He found her on the steps of the Veterans Administration Homeless Clinic.  She was there to help other veterans experiencing homelessness because it helped her to help others.  And every night she returned to the desert to a camp she had created, surrounded by berms with only one way in and one way out.  Otherwise, she could not sleep.

Her name is Bobbie Jo and she served in the US Marines in the early 1990’s.  It was “what you did” when you came from a long line of “army dawgs” – grandfather, father, uncles, brother, and sister.  Early in her first duty station in Okinawa Japan, she was gang raped and within months was honorably discharged for “medical reasons”.  Those who believed her thought she should just “get over it”. Those who didn’t shunned her.

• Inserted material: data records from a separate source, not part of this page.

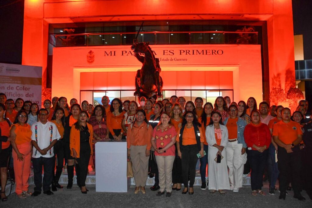 Chilpancingo, Gro., 25 de noviembre del 2024.- Como parte de la conmemoración del Día Internacional de la Eliminación de la Violencia contra la Mujer, la secretaria de la Mujer, Violeta Pino Girón, en representación de la gobernadora, Evelyn Salgado Pineda, encabezó el “Encendido naranja” del Recinto oficial del Poder Ejecutivo, también conocido como Casa del Pueblo.
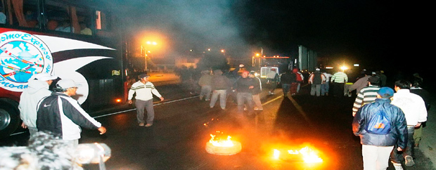 Con quema de llantas y piedras bloquearon la vía desde las 00 horas hasta las 3 de la mañana, durante ese tiempo el tránsito estuvo interrumpido, provocando que más de tres centenares de vehículos de carga pesada e interprovinciales quedaran varados en esta zona.
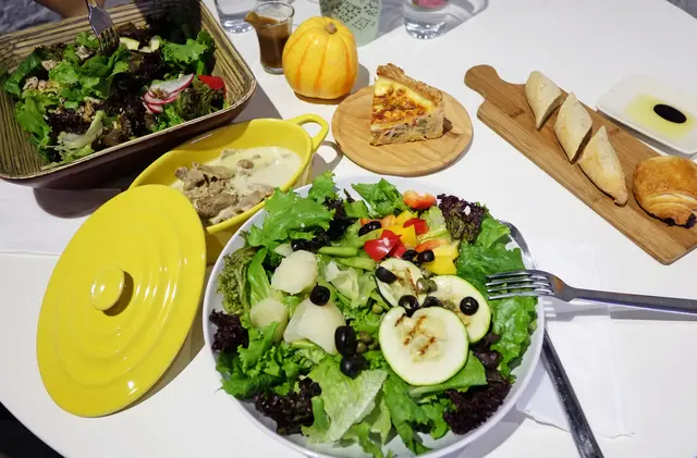 獨自坐在窗邊吃著沙拉、品嚐咖啡也相當愜意。
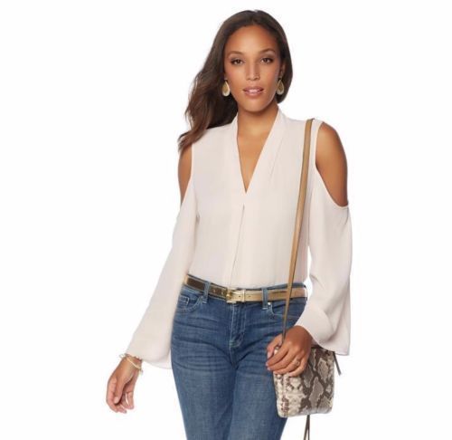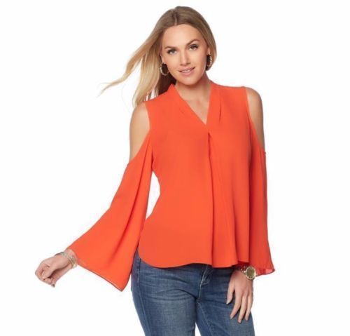 VINCE CAMUTO Size S Bell Sleeve Cold Shoulder Top Blouse RED HOT
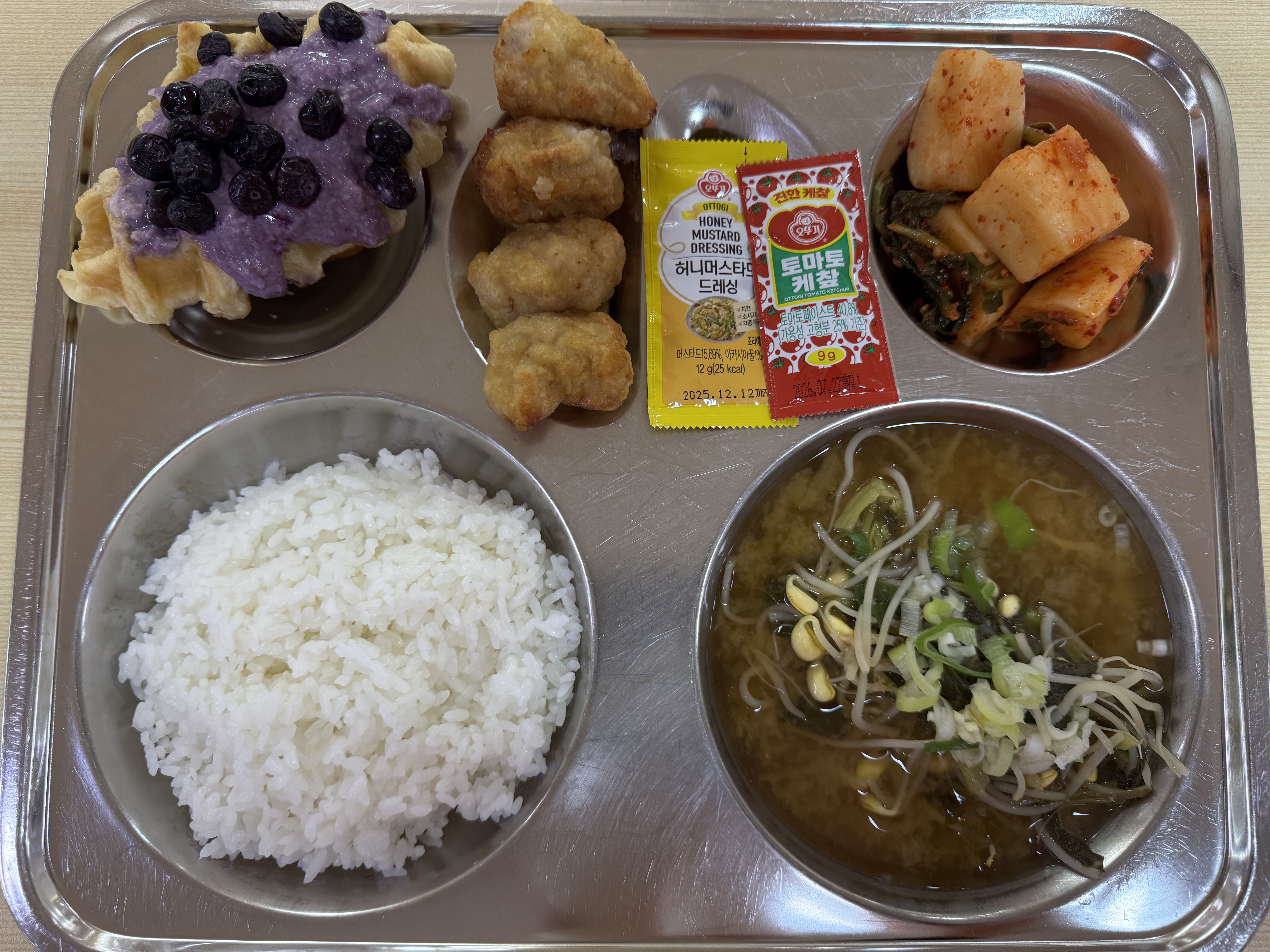 <조식>쌀밥 시래기된장국 치킨가라아게*머스터드 총각김치 전남친크로플

That was the beginning of 24 years of instability and over 7 years of homelessness, which included several attempts at suicide, hospitalizations for serious mental illness, failed marriages and two children.  She wandered around the country looking for a safe place.   In 2012, she came to Tucson because the Southern Arizona VA Health Care System was reputed to be the best. For the first time, she was properly diagnosed and began treatment for Military Sexual Trauma (MST) and Post Traumatic Stress Disorder (PTSD).

The same day he met her on those steps, the OPCS outreach worker was able to place her in her own apartment, with her own key, in the OPCS Steps for Veterans program.  At first she felt hopeless and helpless because she had to share space with others. But she stuck with it and, with support of the OPCS staff, she completed the program.  She then moved to a new program in 2016, the Homeless Preference Program, and moved to a studio apartment at the Tucson House. In the meantime, with OPCS at her side, she was able to obtain full military disability for the first time since her discharge in the 1990’s.  In the summer of 2016, she reconnected with her daughters for the first time in 18 years.

Though she continues to struggle with her MST and PTSD daily, limiting her ability to be in large groups or get caught in an elevator with others she doesn’t know, she continues to work hard every day to stay off the street and get the help she deserves.  Unable to drive or take the bus, you will see Bobbie Jo on her bicycle on her way to the VA.